According to ABC News, some locals were previously travelling 150 kilometres to Karumba and back as it was cheaper than shopping locally. Now the new solar-powered cyclone-resistant supermarket will make locals’ lives easier.

Community leader Fred Pascoe commented: “The community is really taking ownership over this. The kids are making it a regular hangout.

“We’ve got pensioners going in there to have a coffee in the air conditioning. We’ve got everyone from grandmothers to high-school students behind the registers.”

Gartner’s data predictions

Gartner has released 100 Data and Analytics Predictions Through 2026, a webinar for data and analytics predictions for the next few years, posted on LinkedIn.

The webinar discussed the significance that data and analytics would have on industries in coming years, strategies to help businesses adapt to change, and the impact that data initiatives will have.

To listen to 100 Data and Analytics Predictions Through 2026, click here.

Early retirement affecting talent market

Jonathan Boys from CIPD posted a UK Parliament report to LinkedIn, which says early retirement and ageing populations are causing talent shortages.

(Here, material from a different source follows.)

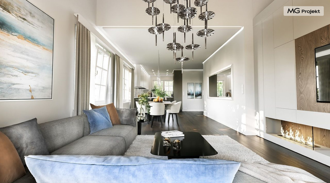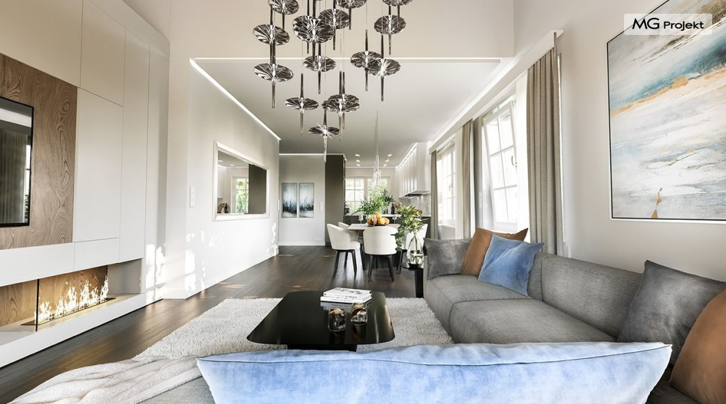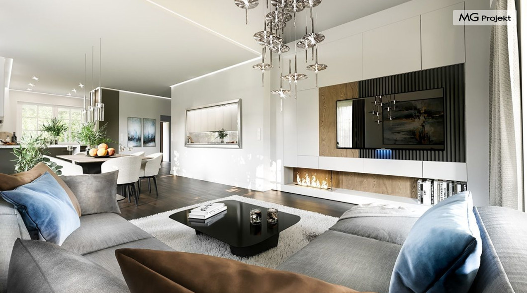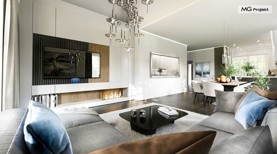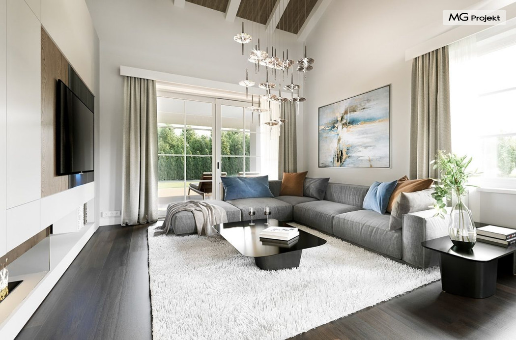 W projekcie domu jednorodzinnego Parterowy Wąski wnętrze parteru podzielone zostało na część dzienną - z salonem, cześć gospodarczą - z garażem i kotłownią, oraz sypialnie. Do wnętrza budynku wchodzimy wygodnym przedsionkiem, do holu połączonego z salonem z jadalnią i kuchnią ze spiżarką. Salon w projekcie domku Parterowy Wąski ma podniesiony aż do dachu sufit nad częścią z meblami wypoczynkowymi, kominkiem i ścianą TV. Na lewo od wejścia z przedsionka projektu Parterowy Wąski przechodzimy do kotłowni i garażu. Przechodząc holem i korytarzem wgłąb domku, trafiamy do sypialni - rodziców z garderobami, dwóch dziecięcych i dużej łazienki. W projekcie domu Parterowy Wąski nad parterem mamy do dyspozycji duży strych, który może być przestrzenią magazynową, lub po doprojektowaniu schodów można go zaadaptować na dodatkowe poddasze użytkowe powiększając w ten sposób powierzchnię użytkową projektu domku Parterowy Wąski – jeśli oczywiście zajdzie taka potrzeba.

According to Where have all the Workers Gone? by the Economic Affairs Committee, “economic inactivity has increased by 565,000 people since the start of the pandemic”. This is reportedly the opposite of what was happening prior to 2020, with the main contributor to this change being early retirement.

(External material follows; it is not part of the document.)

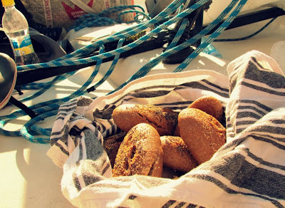 Detta var vår lunch på midsommarafton före den mera traditionella (men mycket goda) sillen, den rökta fisken från Börje i Nagu och nypotatisen. Midsommarfirandet skedde "traditionsenligt" på ljuvliga Hjortö i Korpo skärgård i gott sällskap. Och enligt tradition fick var och en, en "matnakki", dvs en måltid på sitt ansvar. Mitt ansvar var lunchen på midsommaraftonen. Jag har velat testa på att laga pizza jätte länge, men det har inte blivit av förrän nu. Jag tog med surdeg ut till skärgården, men på dagen D blev jag chicken och körde med jäst istället. Jag tog det säkra för det osäkra. Min tanke med pizzorna var att en gasugn värmer underifrån och det är superbra för pizza, men måste medge att jag var trots denna fina tanke lite osäker på om detta skulle bli bra. Helst ska man ju ha en pizzasten att baka dem på, men jag hade nog ingen plan på att dra mitt stenåbäke till Korpo. Snacka om tung packning då liksom... Min "bara det nödvändigaste"packning var tung nog utan en helvetes sten ännu.

Lord Bridges of Headley said in a statement: “Why have so many workers left the workforce, after years of declining inactivity? Earlier retirement seems to be the biggest reason.”

He continued: “Those who are already economically inactive are becoming sicker, meaning they’re less likely to return to work. So, while other factors were previously masking the impact of an ageing population on the size of the workforce, they are now reinforcing it.”

Tech companies reducing headcount

The Sydney Morning Herald (SMH) posted an article to LinkedIn outlining how companies are letting go of a significant number of staff.

According to SMH, Microsoft let go of 10,000 employees, Google 12,000, and Amazon 18,000. This is also being experienced in start-ups, with Linktree reportedly letting go of 17 per cent of its workers.

Delivery services like Deliveroo left Australia, and YourGrocer shut completely.

SMH said that while unemployment is at record lows, the tech industry is still experiencing unpredictable turmoil that hopefully doesn’t become the norm.

Jack Campbell

Jack Campbell

Jack is the editor at HR Leader.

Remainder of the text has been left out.